Christopher Isherwood’s 1960s diaries come out in November, and the volume is full of nuggets (gossipy and otherwise). Here he is on Mick Jagger, in 1969: “very pale, quiet, good-tempered, full of fun, ugly-beautiful, a bit like Beatrix Lehmann; he has the air of a castaway, someone saved from a wreck, but not in the least dismayed by it.” Isherwood tells his diary that Jagger told him that the real reason the Beatles left Maharishi Mahesh Yogi was that the Maharishi had made a pass at one of them. (Isherwood — himself both an accomplished anecdotist and a famous practitioner of Vedanta — comments: “Am still not sure I believe this story.”) The quote from Jagger, explaining the Beatles’ departure from the Maharishi, may pique the interest of students of British sociology, and of those who wish to reignite the ancient Beatles-vs.-Stones debate. Saith Mick (per Isherwood): “They’re simple north-country lads; they’re terribly uptight about all that.”

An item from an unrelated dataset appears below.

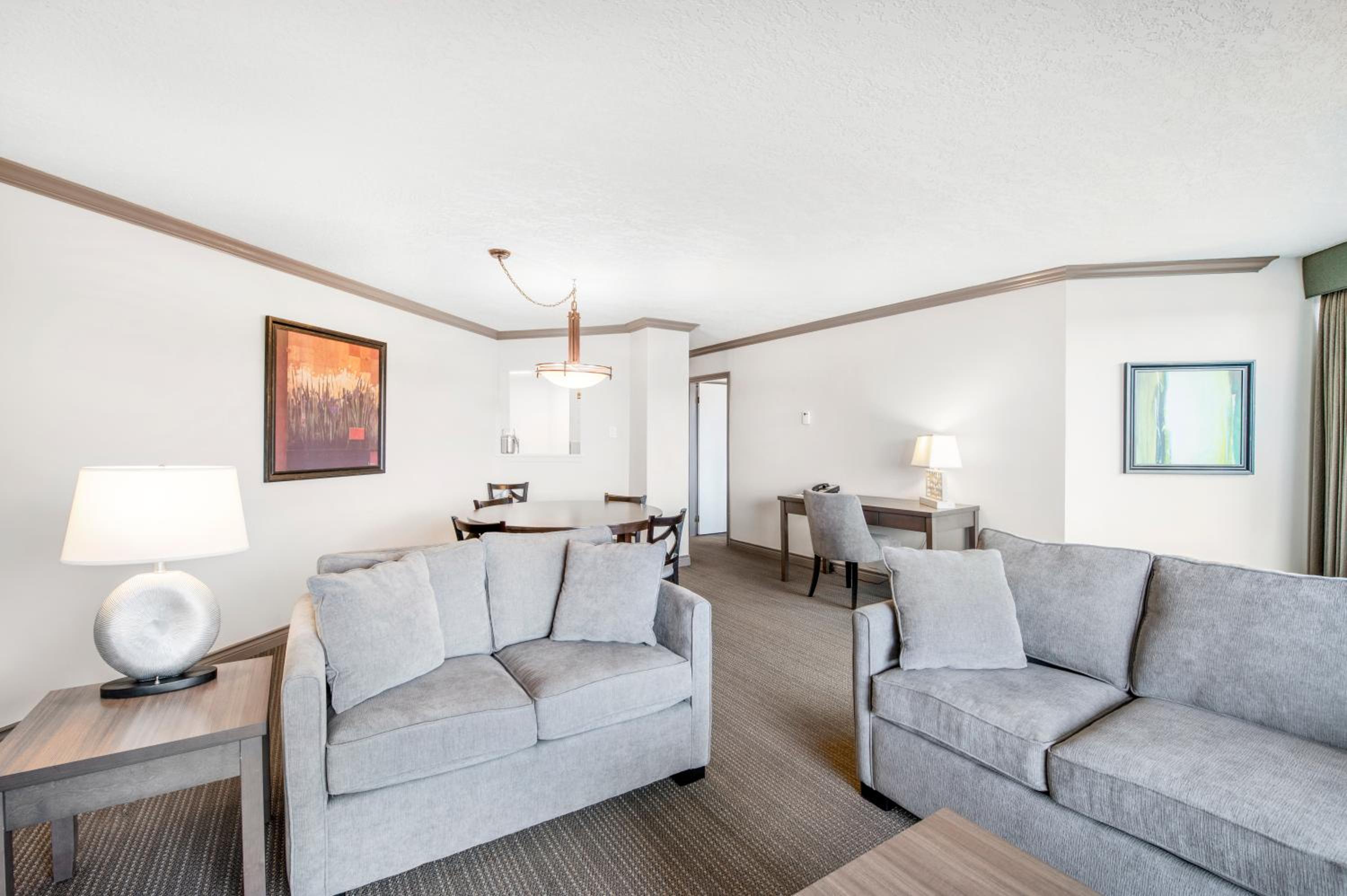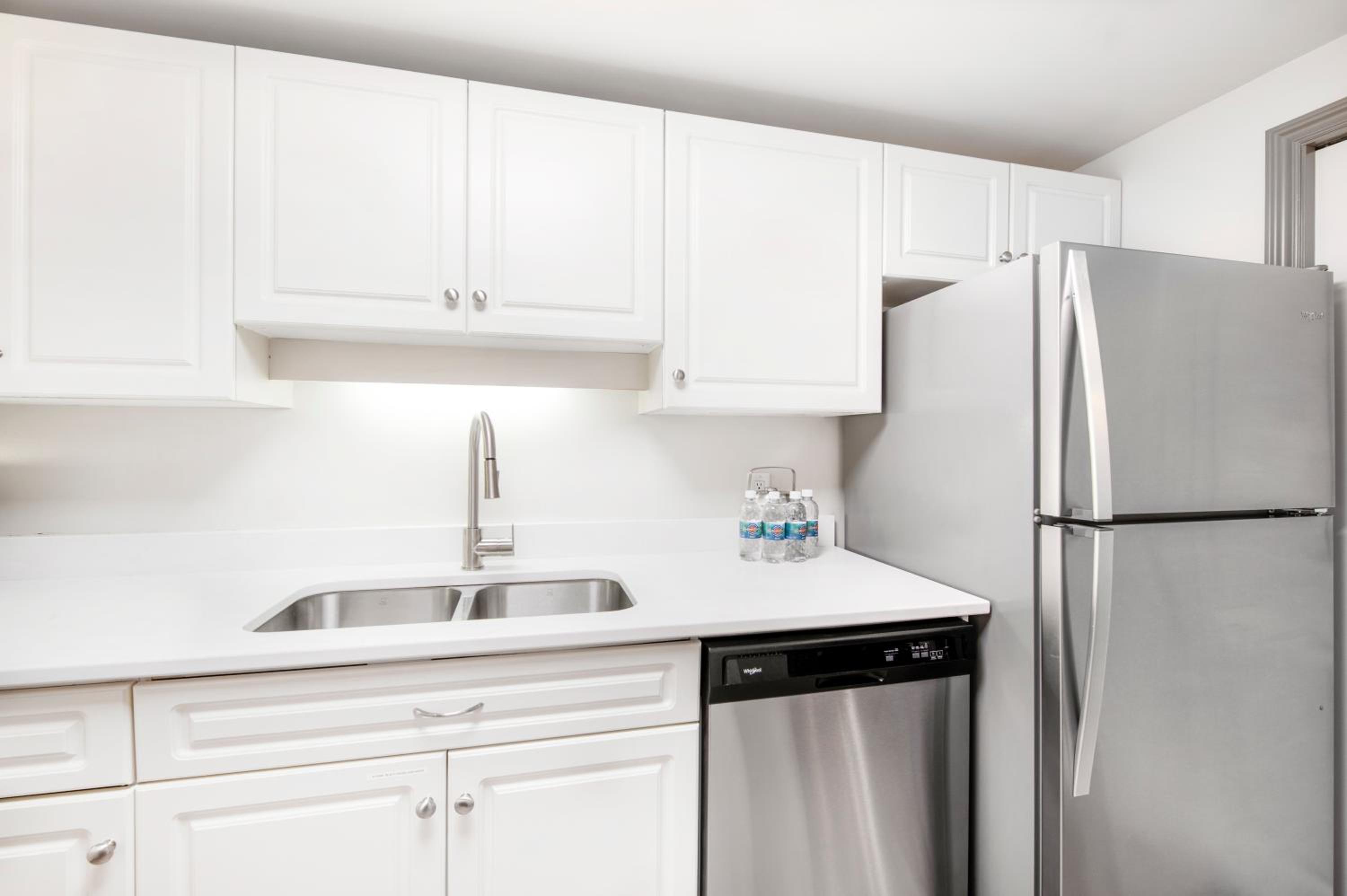 Each guest room is equipped with modern amenities including a flat-screen TV, mini refrigerator, and coffee maker. For added convenience, select rooms feature full kitchen facilities, providing a home-away-from-home experience.

(Apropos of which, isn’t it marvelous that, 40 years on, everyone still knows about both the Beatles and the Stones? By way of contrast, imagine what would have happened if you had asked a youth of 1970 about, say, Rudy Vallee and Al Jolson.)
Isherwood is an acute observer, and he got to observe a lot: If you spend years of your life in both Weimar Germany and 1960s Southern California, you will have stories to tell.